Rate This Document
Findability
Accuracy
Completeness
Readability

Executing Spark Services

Use the spark-sql command for operator pushdown on Spark.

In this example, a non-partition TPC-H table with 1 TB data is used as the test table. The test SQL statement is tpch-sql6.

Table 1 lists the related table information.

Table 1 Table information

Table Name

Format

Total Number of Rows

Occupied Space

lineitem

orc

5999989709

169.6 GB

Operations on Spark 3.1.1

Logs of the INFO level are not printed on Spark 3.1.1 (on Yarn). Therefore, log redirection is required for Spark 3.1.1.

  1. Define the log file log4j.properties in /usr/local/spark/conf.
    log4j.rootCategory=INFO, FILE
    log4j.appender.console=org.apache.log4j.ConsoleAppender
    log4j.appender.console.target=System.err
    log4j.appender.console.layout=org.apache.log4j.PatternLayout
    log4j.appender.console.layout.ConversionPattern=%d{yy/MM/dd HH:mm:ss} %p %c{1}: %m%n
     
    log4j.logger.org.apache.spark.sql.execution=DEBUG
    log4j.logger.org.apache.spark.repl.Main=INFO
     
    log4j.appender.FILE=org.apache.log4j.FileAppender
    log4j.appender.FILE.file=/usr/local/spark/logs/file.log
    log4j.appender.FILE.layout=org.apache.log4j.PatternLayout
     
    log4j.appender.FILE.layout.ConversionPattern=%m%n
  2. Change the value of log4j.appender.FILE.file in the log4j.properties file to the custom directory and file name.
  3. Add --driver-java-options -Dlog4j.configuration=file:/usr/local/spark/conf/log4j.properties when running the spark-sql command, for example:
    /usr/local/spark/bin/spark-sql  --driver-class-path '/opt/boostkit/*' --jars '/opt/boostkit/*' --conf 'spark.executor.extraClassPath=./*' --name tpch_query6.sql --driver-memory 50G --driver-java-options -Dlog4j.configuration=file:/usr/local/spark/conf/log4j.properties --executor-memory 32G --num-executors 30 --executor-cores 18
  4. Run the sql6 statement.
    select
    sum(l_extendedprice * l_discount) as revenue
    from
    tpch_flat_orc_1000.lineitem
    where
    l_shipdate >= '1993-01-01'
    and l_shipdate < '1994-01-01'
    and l_discount between 0.06 - 0.01 and 0.06 + 0.01
     and l_quantity < 25;

    When the task is executed, the pushdown information is printed as follows:

    Selectivity: 0.014160436451808448
    Push down with [PushDownInfo(ListBuffer(FilterExeInfo((((((((isnotnull(l_shipdate#18) AND isnotnull(l_discount#14)) AND isnotnull(l_quantity#12)) AND (l_shipdate#18 >= 8401)) AND (l_shipdate#18 < 8766)) AND (l_discount#14 >= 0.05)) AND (l_discount#14 <= 0.07)) AND (l_quantity#12 < 25.0)),List(l_quantity#12, l_extendedprice#13, l_discount#14, l_shipdate#18))),ListBuffer(AggExeInfo(List(sum((l_extendedprice#13 * l_discount#14))),List(),List(sum#43))),None,Map(server1 -> server1, agent2 -> agent2, agent1 -> agent1))]

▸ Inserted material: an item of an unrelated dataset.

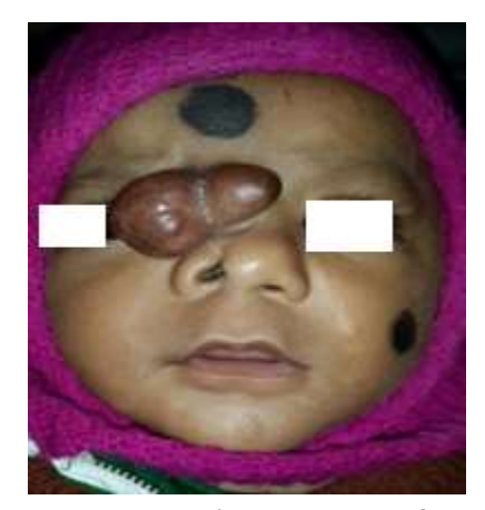
Fig. 1: Extranasal swelling at the root of nose (right Paramedian) with right nasal cleft

Also seen were numerous neurons with some showing axonal projections. The diagnosis of nasal glioma was hence established. Sutures were removed on seventh day. Cleft nose correction was contemplated at a later stage and the same was conveyed to the parents and were advised for a regular follow up. However they failed to show up.

    The output contains the pushdown selectivity and operator information.

    Table 2 lists the parameters in the spark-sql command.

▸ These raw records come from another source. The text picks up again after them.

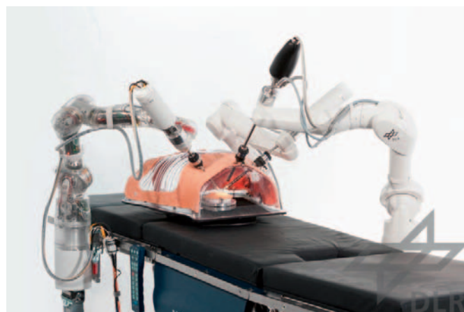
Fig. 3. DLR MiroSurge System for robotically assisted laparoscopic surgery (courtesy of Mr. Holger Urbanek, Institut für Robotik und Mechatronik, Deutsches Zentrum für Luft- und Raumfahrt).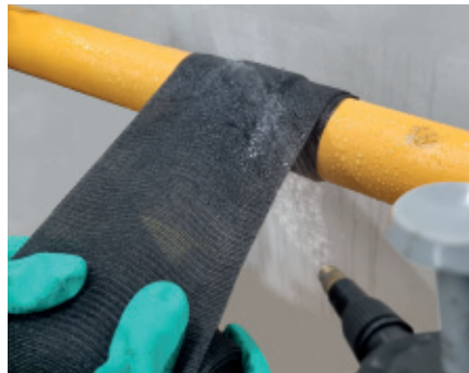
5. Wrap the Pipecoat Plus tape with 100% overlap in required layers. Spray water on the tape continuously during the wrapping process. Time of processing 2-3 min., depending on temperature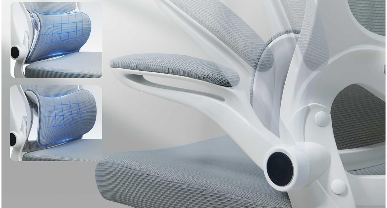
Figure 4: Adaptive lumbar support for personalized comfort.

Adjusts to the movement of your waist, providing dynamic support

    Table 2 OmniData parameters

    Parameter

    Recommended Value

    Description

    --driver-memory

    50G

    Available memory of the driver

    --executor-memory

    32G

    Available memory of the executor

    --num-executors

    30

    Number of started executors. The default value is 2.

    --executor-cores

    18

    Number of CPU cores used by each executor. The default value is 1.

    --driver-class-path

    "/opt/boostkit/*"

    Path of the extra JAR packages to be transferred to the driver.

    --jars

    "/opt/boostkit/*"

    JAR packages to be contained in the driver and executor class paths.

    --conf

    "spark.executor.extraClassPath=./*"

    Set Spark parameters.

    --driver-java-options -Dlog4j.configuration

    file:/usr/local/spark/conf/log4j.properties

    Log4j log configuration file path.